→ DESCRIPTION OF THE TASK
Go to the line holding "小さなコインは手作業で丸くカ" in the data below. Return it and each line after it through the last, exactly, and skip the pictures.

Dataset items
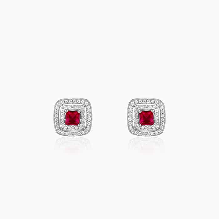 The Inspiration: A hint of red, a whole lot of royalty for the one who owns her glow regally. Make these yours today! The Design: These womens silver earrings have a square shape each. Two rows of zircons gracefully line a square red coloured stone. 925 Silver Perfect for sensitive skin Earrings Size: Height – 1.1 cm, Width – 1.1 cm Comes with the Nikrish Jewellery kit and authenticity certificate Content: Earrings Net Qty- 1 pair Styling Tip: Pair these silver studs with a silver pendant, also with a hint of red.
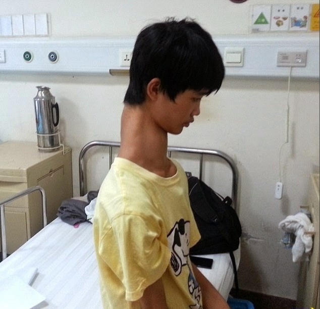 У 15-летнего Фу Венжуи достаточно редкая медицинская аномалия. Его называют "жирафом" и у него действительно шея примерно в два раза длиннее, чем у других людей. А всё потому, что если у обычных людей обычно 7 шейных позвонков, то у Фу их 10. В данный момент парень ждет специальную операцию, в ходе которое врач надеются удалить лишние позвонки так, чтобы не причинить вред нервной системе и всему организму в целом. И проблема даже не в том, что шея длинная, а в том, что лишние позвонки начали давить на нервы в области шеи и тем самым причиняют нестерпимую боль. Интересно, что в 6-летнем возрасте врачи обратили внимание на слишком длинную шею, но поставили диагноз сколиоз. Теперь же врачи поняли свою ошибку и пообещали исправить, благо нашелся спонсор, который оплатит дорогую и опасную операцию
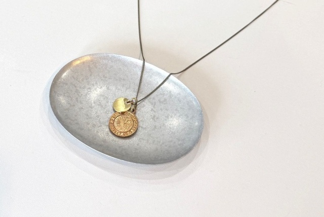 小さなコインは手作業で丸くカットした真鍮素材の円盤にジョイントを埋め込み手を加えたものです。
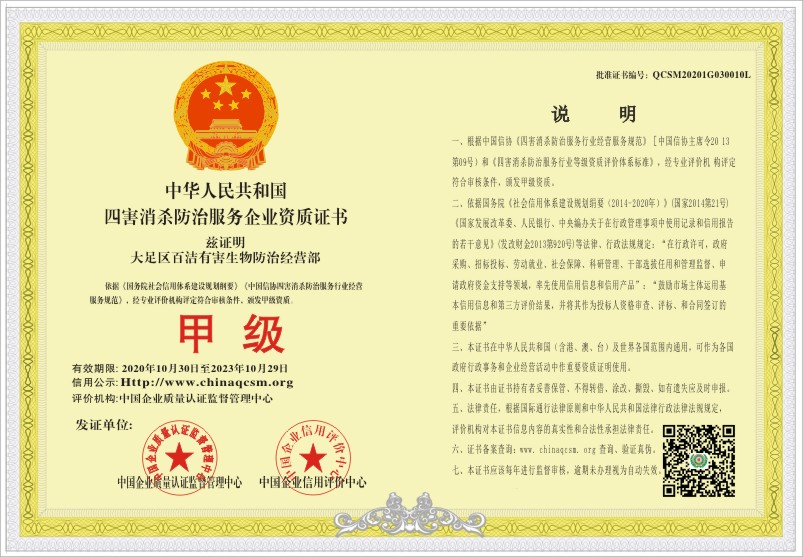 当前位置:首页 > 证书查询 > 大足区百洁有害生物防治经营部
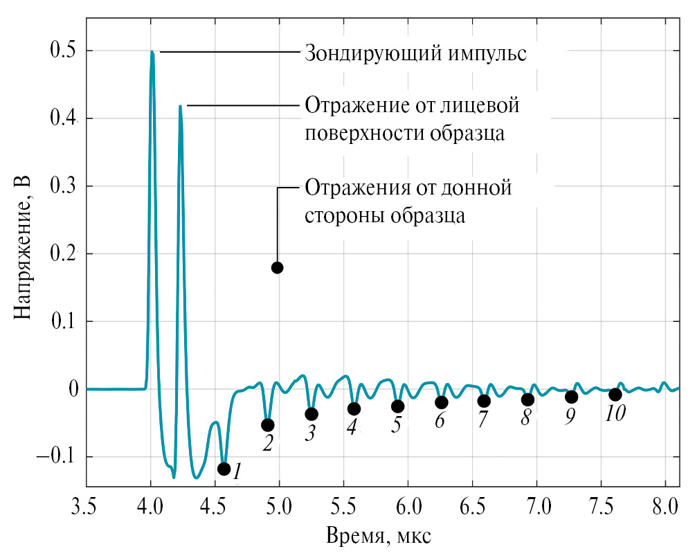 Исходный (необработанный) сигнал приведен на рис. 2. В нем можно выделить зондирующий импульс, состоящий из фазы сжатия длительностью ~60 нс по уровню 1/e и следующей за ней более длительной фазы разрежения, появляющейся за счет дифракции низкочастотных составляющих импульса при его распространении внутри преобразователя. Далее следует импульс отражения от лицевой поверхности образца и импульсы многократных отражений внутри образца (реверберации). Кроме импульсов продольных волн, в сигнале возникают импульсы сдвиговых волн. Причиной их появления является ограниченность акустического пучка, который отражается от свободной донной поверхности образца.

→ RESULT OF THIS EXERCISE
 小さなコインは手作業で丸くカットした真鍮素材の円盤にジョイントを埋め込み手を加えたものです。
 当前位置:首页 > 证书查询 > 大足区百洁有害生物防治经营部
 Исходный (необработанный) сигнал приведен на рис. 2. В нем можно выделить зондирующий импульс, состоящий из фазы сжатия длительностью ~60 нс по уровню 1/e и следующей за ней более длительной фазы разрежения, появляющейся за счет дифракции низкочастотных составляющих импульса при его распространении внутри преобразователя. Далее следует импульс отражения от лицевой поверхности образца и импульсы многократных отражений внутри образца (реверберации). Кроме импульсов продольных волн, в сигнале возникают импульсы сдвиговых волн. Причиной их появления является ограниченность акустического пучка, который отражается от свободной донной поверхности образца.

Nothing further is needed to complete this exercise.